**Required action:** The answer should hold only the lines from the beginning of the material through the one with "The front of", reproduced exactly and without pictures.

**Data records:**
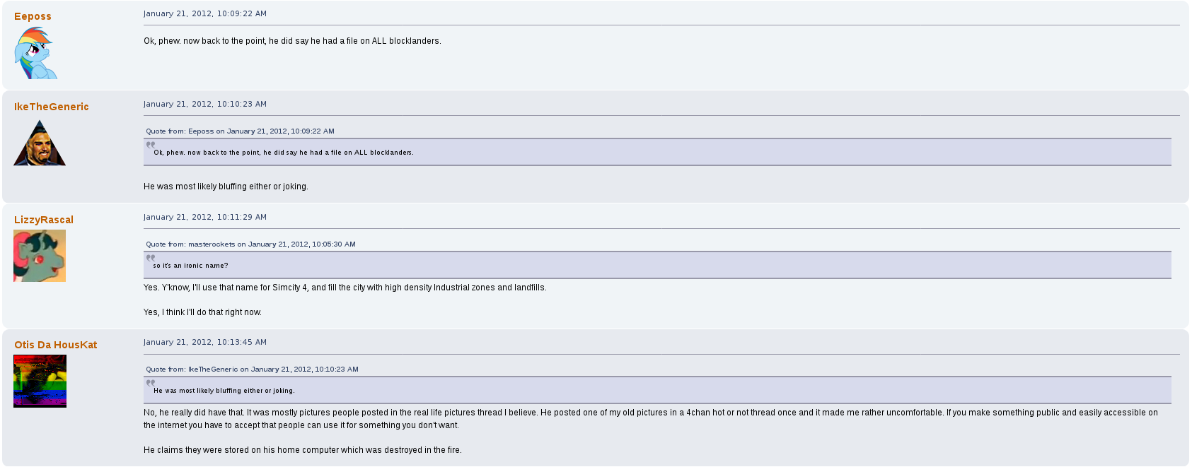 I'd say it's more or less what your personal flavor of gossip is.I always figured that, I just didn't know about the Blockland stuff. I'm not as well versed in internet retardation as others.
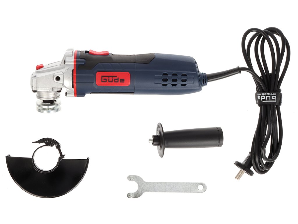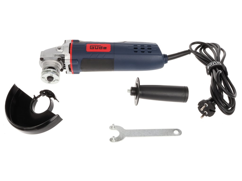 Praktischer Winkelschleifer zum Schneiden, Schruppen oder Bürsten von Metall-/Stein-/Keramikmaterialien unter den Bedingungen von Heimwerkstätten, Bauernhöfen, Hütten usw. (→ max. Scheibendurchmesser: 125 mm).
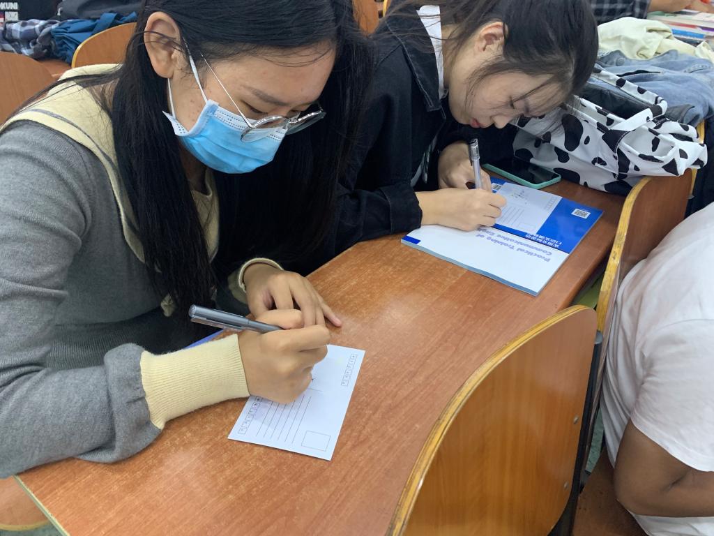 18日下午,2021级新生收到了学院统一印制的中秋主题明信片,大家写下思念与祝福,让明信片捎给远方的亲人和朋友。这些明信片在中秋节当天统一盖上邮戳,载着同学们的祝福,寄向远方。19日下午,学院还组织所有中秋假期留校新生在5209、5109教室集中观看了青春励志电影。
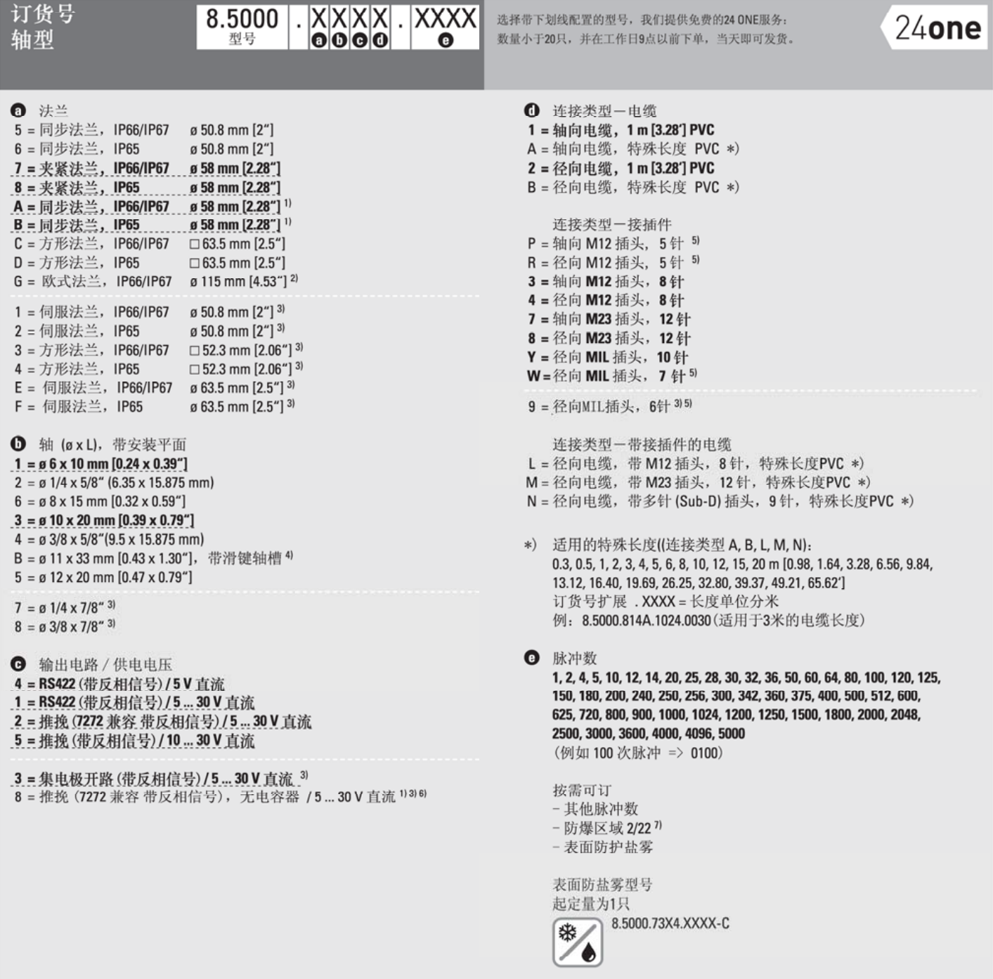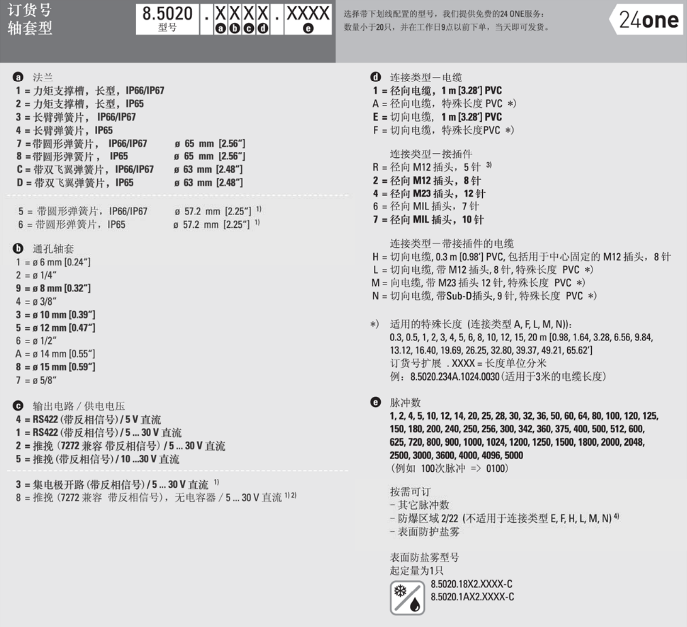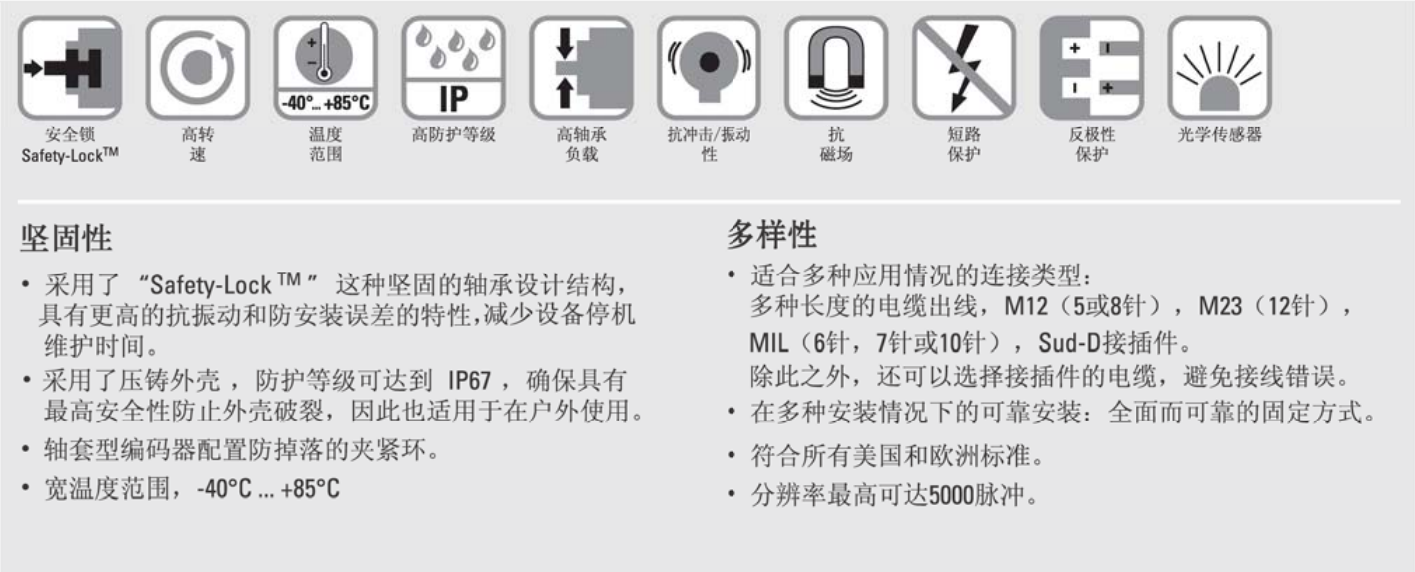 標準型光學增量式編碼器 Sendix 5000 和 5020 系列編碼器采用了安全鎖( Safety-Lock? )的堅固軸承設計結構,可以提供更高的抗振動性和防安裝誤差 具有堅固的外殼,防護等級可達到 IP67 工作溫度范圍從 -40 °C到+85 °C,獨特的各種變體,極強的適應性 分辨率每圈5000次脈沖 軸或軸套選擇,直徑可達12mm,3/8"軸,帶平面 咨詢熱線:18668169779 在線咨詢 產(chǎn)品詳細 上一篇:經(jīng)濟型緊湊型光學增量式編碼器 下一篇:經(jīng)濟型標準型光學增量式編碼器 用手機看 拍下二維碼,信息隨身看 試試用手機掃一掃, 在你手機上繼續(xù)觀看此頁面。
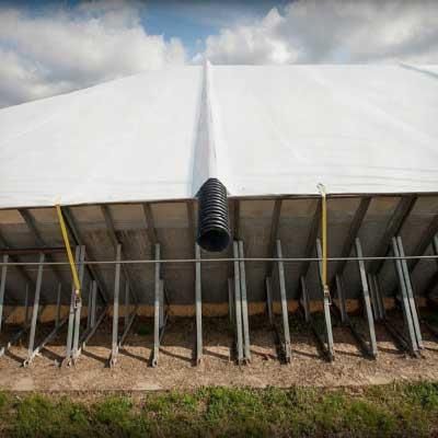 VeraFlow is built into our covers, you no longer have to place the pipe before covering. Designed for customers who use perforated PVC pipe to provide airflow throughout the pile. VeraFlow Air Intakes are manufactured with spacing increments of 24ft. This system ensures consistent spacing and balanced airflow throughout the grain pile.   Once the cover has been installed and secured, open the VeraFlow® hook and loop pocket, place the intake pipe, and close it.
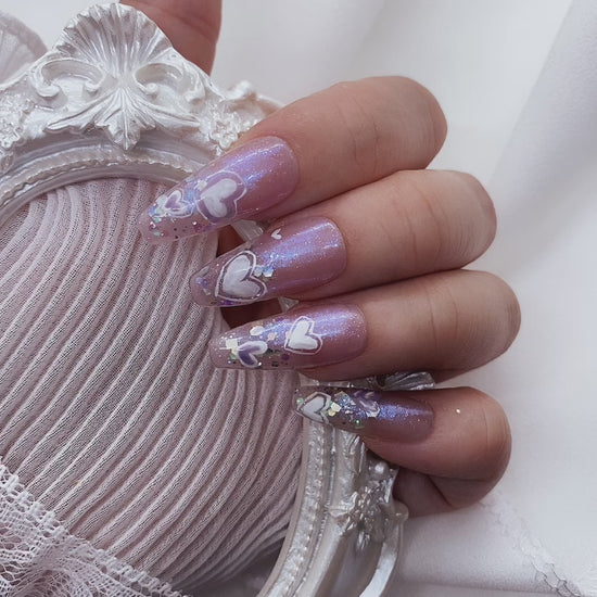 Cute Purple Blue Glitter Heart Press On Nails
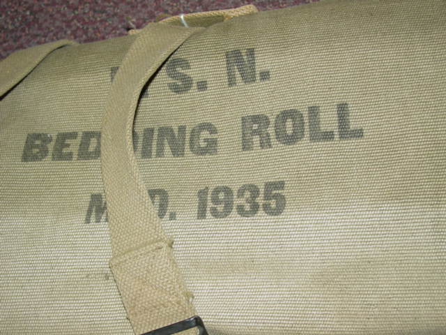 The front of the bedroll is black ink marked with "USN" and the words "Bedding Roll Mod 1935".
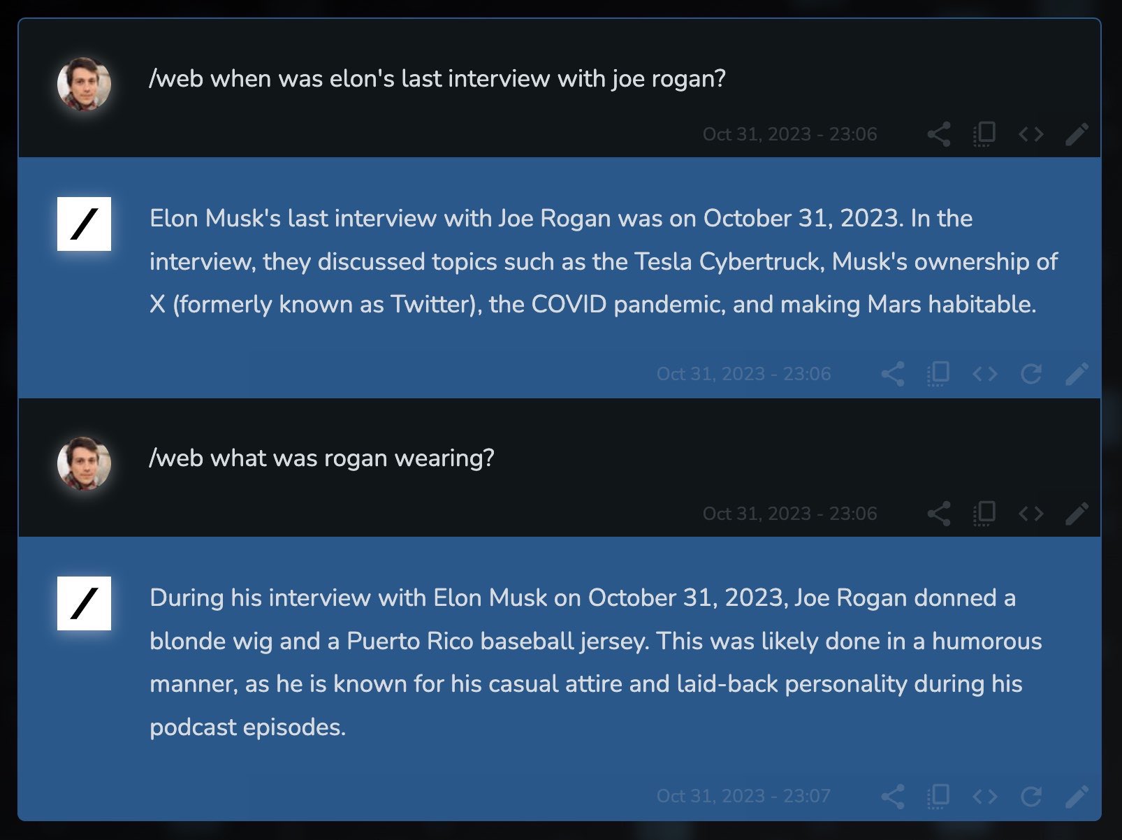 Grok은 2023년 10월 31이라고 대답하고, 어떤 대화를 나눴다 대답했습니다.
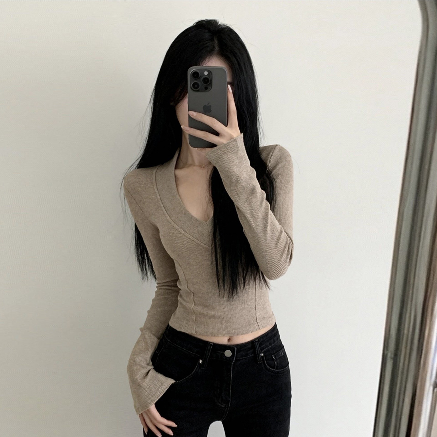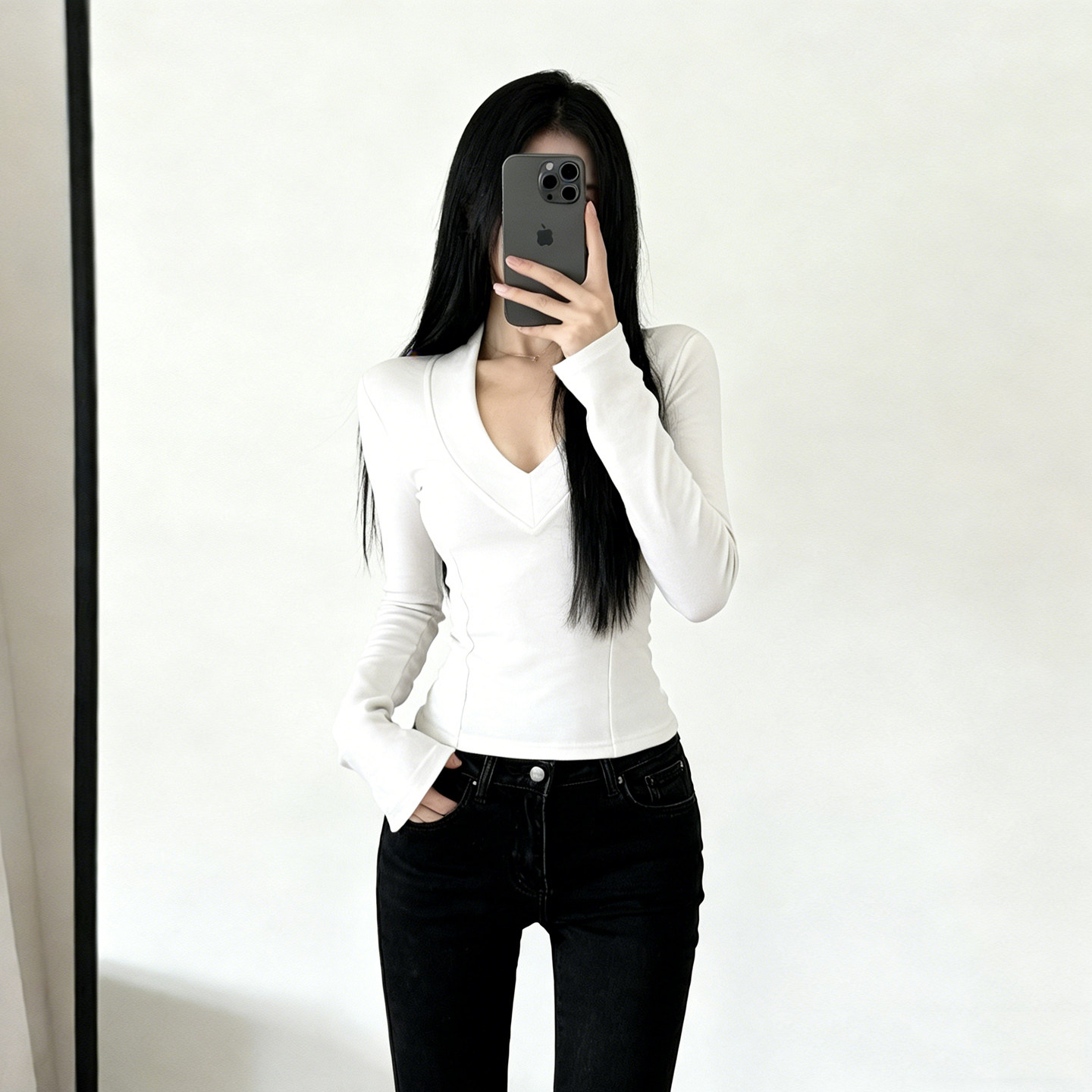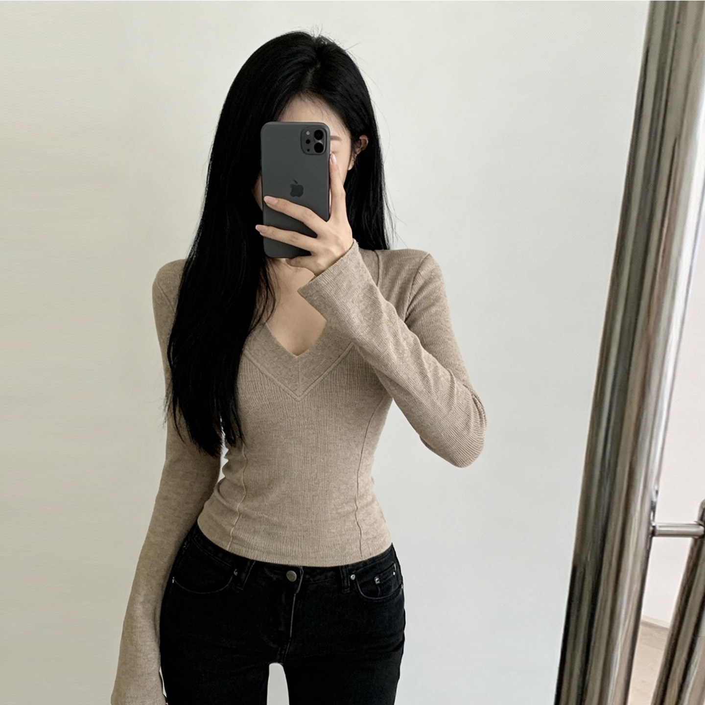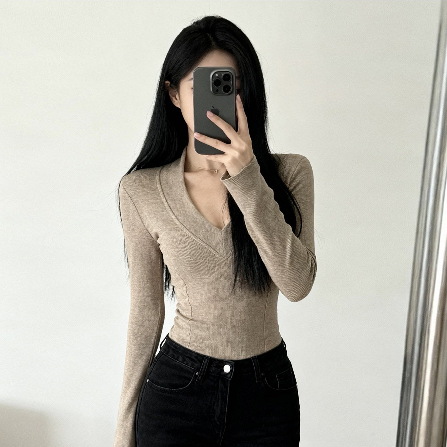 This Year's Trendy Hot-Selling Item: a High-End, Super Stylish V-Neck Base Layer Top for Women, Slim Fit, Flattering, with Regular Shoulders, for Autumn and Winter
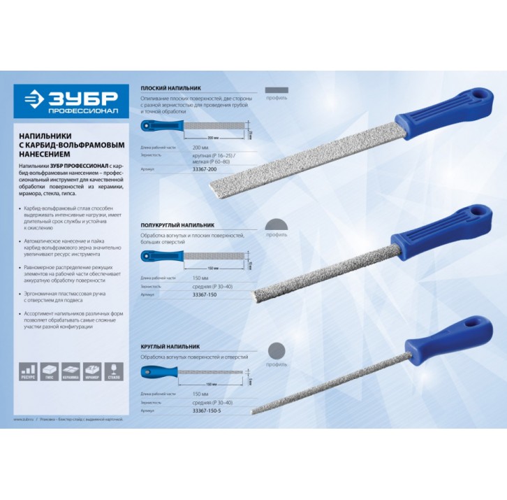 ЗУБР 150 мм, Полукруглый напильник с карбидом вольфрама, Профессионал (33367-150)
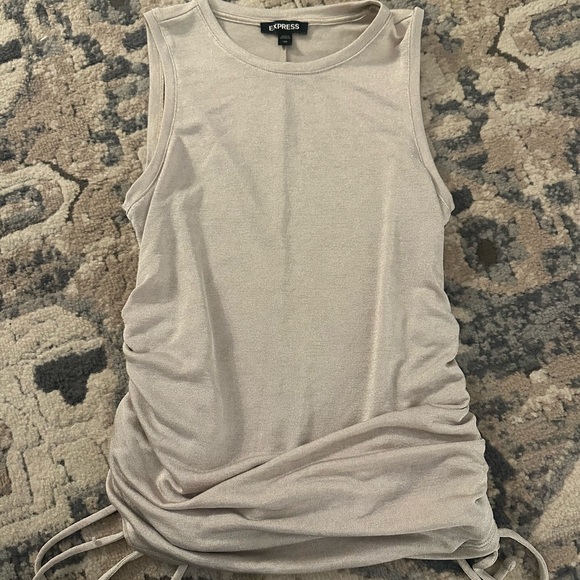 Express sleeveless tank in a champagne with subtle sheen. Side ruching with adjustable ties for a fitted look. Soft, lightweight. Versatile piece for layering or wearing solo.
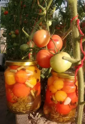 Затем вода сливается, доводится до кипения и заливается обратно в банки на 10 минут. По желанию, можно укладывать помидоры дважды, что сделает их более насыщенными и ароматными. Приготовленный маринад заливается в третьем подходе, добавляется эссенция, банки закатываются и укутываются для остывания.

**Result for this task:**
 I'd say it's more or less what your personal flavor of gossip is.I always figured that, I just didn't know about the Blockland stuff. I'm not as well versed in internet retardation as others.
 Praktischer Winkelschleifer zum Schneiden, Schruppen oder Bürsten von Metall-/Stein-/Keramikmaterialien unter den Bedingungen von Heimwerkstätten, Bauernhöfen, Hütten usw. (→ max. Scheibendurchmesser: 125 mm).
 18日下午,2021级新生收到了学院统一印制的中秋主题明信片,大家写下思念与祝福,让明信片捎给远方的亲人和朋友。这些明信片在中秋节当天统一盖上邮戳,载着同学们的祝福,寄向远方。19日下午,学院还组织所有中秋假期留校新生在5209、5109教室集中观看了青春励志电影。
 標準型光學增量式編碼器 Sendix 5000 和 5020 系列編碼器采用了安全鎖( Safety-Lock? )的堅固軸承設計結構,可以提供更高的抗振動性和防安裝誤差 具有堅固的外殼,防護等級可達到 IP67 工作溫度范圍從 -40 °C到+85 °C,獨特的各種變體,極強的適應性 分辨率每圈5000次脈沖 軸或軸套選擇,直徑可達12mm,3/8"軸,帶平面 咨詢熱線:18668169779 在線咨詢 產(chǎn)品詳細 上一篇:經(jīng)濟型緊湊型光學增量式編碼器 下一篇:經(jīng)濟型標準型光學增量式編碼器 用手機看 拍下二維碼,信息隨身看 試試用手機掃一掃, 在你手機上繼續(xù)觀看此頁面。
 VeraFlow is built into our covers, you no longer have to place the pipe before covering. Designed for customers who use perforated PVC pipe to provide airflow throughout the pile. VeraFlow Air Intakes are manufactured with spacing increments of 24ft. This system ensures consistent spacing and balanced airflow throughout the grain pile.   Once the cover has been installed and secured, open the VeraFlow® hook and loop pocket, place the intake pipe, and close it.
 Cute Purple Blue Glitter Heart Press On Nails
 The front of the bedroll is black ink marked with "USN" and the words "Bedding Roll Mod 1935".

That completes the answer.